Las antorchas cannabicas
y el tequila iluminaban
todas las voces
en derredor
las hembras
como siempre
esa gran luna digna
de las adoraciones del sexo.
El contexto por sublime parece
lo perenne de una algarabía mentirosa
más la pena tan nimia
(y descomunal)
en su extensión, que me hizo protagonizar
el papel del malo en la película de malditos,
todo facilitado por qué yo poseía
el derecho al júbilo
entre las lagrimas que llovían
gritando el precio del placer
que está alejado de mis arcas que no existen.

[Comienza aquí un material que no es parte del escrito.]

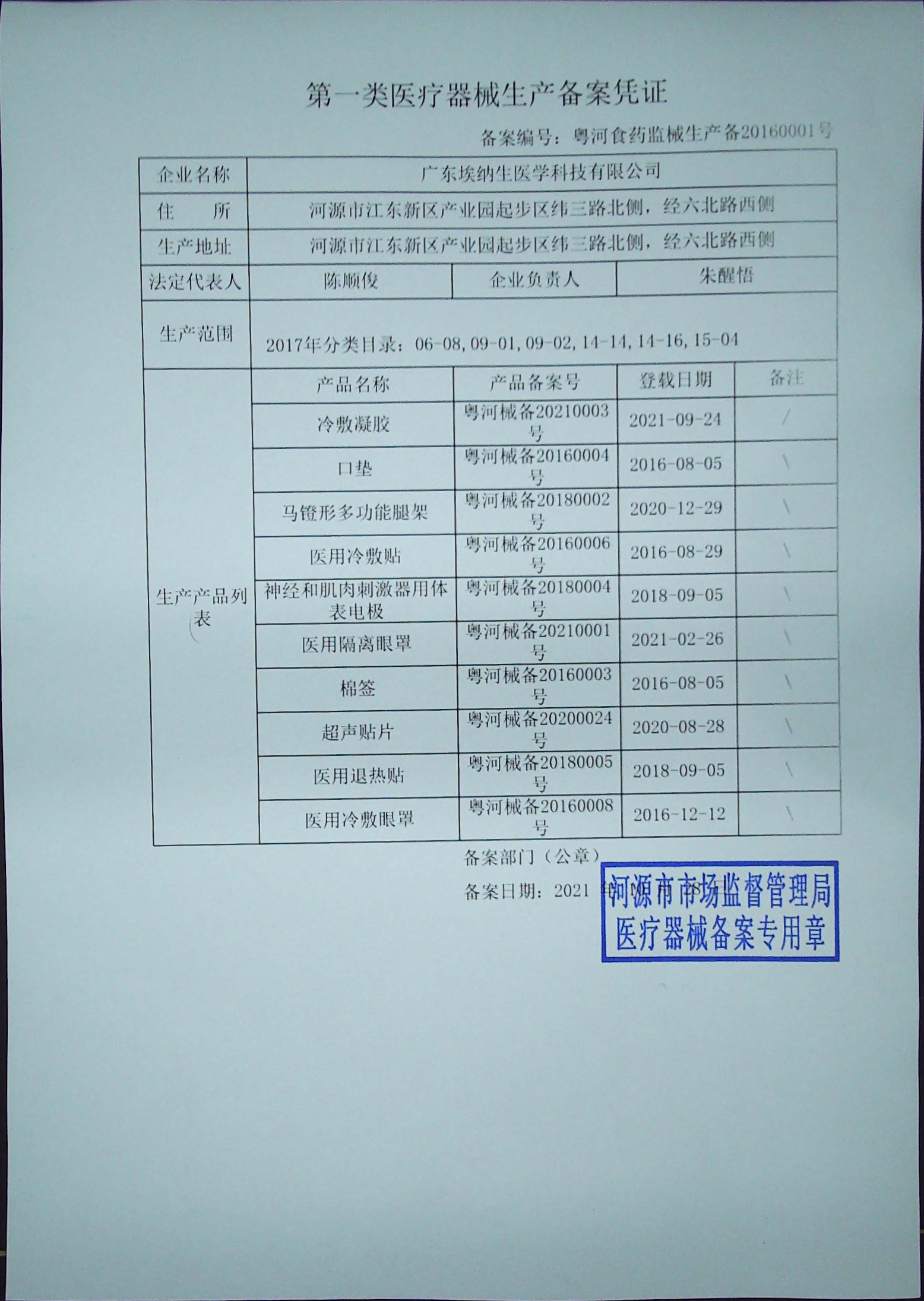 根据《医疗器械监督管理条例》、《医疗器械注册与备案管理办法》等有关规定,现将广东埃纳生医学科技有限公司第一类医疗器械生产备案变更信息予以公告。

Dado que en ocasiones se caían las bragas
para que yo besase la penumbra
del azabache triangulo de la perniabierta
que después de irse volando y dejarme
en el invierno gorgoteando
mis arquetipos tan dóciles
como un perro muerto siguiendo su cola
ni siquiera dejase una ceniza
en la hoguera que apagó el verdugo precioso
de hacer lo que no se debe,
yo me fui a inmolar al universo paralelo
donde aquel pájaro quema.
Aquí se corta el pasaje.